Cuando se notó invadida quiso erguirse para introducírsela del todo, pero no se lo permití. Sentí cómo su túnel vaginal se curvaba, dispuesto a tragarme por entero. Me abracé a su cuerpo, con sus tetas en mis manos y mi boca en su cuello. Sabía que en aquel momento yo era el dueño. Cuando quisiera lo haría vibrar y, sólo entonces, podría vaciarme en su interior.

Las paredes de su chumino se movían intentando atraerme para que la llenara. Me agité de nuevo perezosamente y la miré a la cara. Tenía los ojos y la boca abiertos, como manifestando el hambre de su sexo. Unicamente entonces me sumergí hasta el fondo.

Cuando empecé a sentir las contracciones de su coño hirviendo, deslicé mis manos desde sus tetas hasta el mojado matojo de su pubis, para sentirme más dentro de ella. Queriendo conseguir que mis dedos se sumaran a mi verga, acariciando, hiriendo lo que ella no podía, por estar clavada donde la carne siempre resulta más tierna.

El placer me invadió inundando todo mi ser. Las palpitaciones del cipote hacían prever el deseado orgasmo. Todo, absolutamente todo, giraba en la punta de aquel trozo de mi mismo tan cálidamente protegido.

Sentí la primera descarga como si de golpe se me hubieran desatado los nervios en la base del cráneo. Justo en aquel instante ella obtuvo su segundo orgasmo y yo me corrí. Pero fuera de su coño. Para volverle a ofrecer el espectáculo de mi semen en explosión. Pletórico de fuerzas y triunfante...

Después, ya tranquilos, empezamos a hablar. Ella me pidió excusas por su comportamiento, que atribuyó a las muchas experiencias vividas a lo largo de las noches de guardia. Un gran número de pacientes se masturbaban en cuanto se reducía la intensidad de las luces y se hacía el silencio.

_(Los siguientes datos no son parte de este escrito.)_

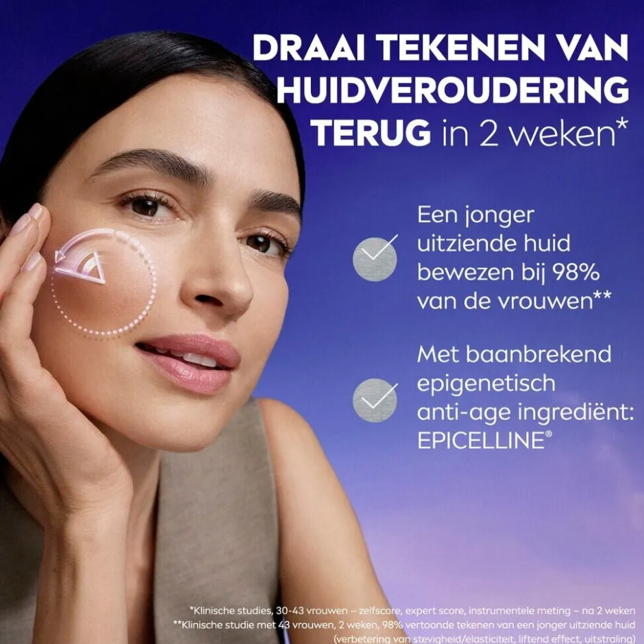 Dankzij de gepatenteerde Age Clock-technologie en krachtige werking van epicelline draait dit Nivea Cellular Epigenetics Ultiem Huidverjongend Serum tot wel tien zichtbare tekenen van huidveroudering terug in twee weken.

Mi enfermera acostumbraba a mirarlos, hasta que se emocionaba de tal manera que, cuando comprendía que ellos habían llegado al orgasmo ella también lo alcanzaba. Me aseguró con gran sorpresa por mi parte, que no había follado con ninguno. Yo era el primero. Esto no le había impedido alcanzar un orgasmo tremendo con el simple hecho de sentir el semen cayéndole de las manos.

Me dejó desconcertado. No la consideré una loca. Procuré informarme sobre su conducta. Entonces supe que ciertas mujeres alimentan un «fetichismo del semen». Esta tendencia sexual no era tan rara como yo había supuesto al principio.

Más tarde he llegado a conocer a dos o tres chicas que, después de haber sido satisfechas en una follada normal, preferían ver la expulsión de la emisión del semen antes que recibirla en su coño. Y no precisamente por miedo a quedarse embarazadas.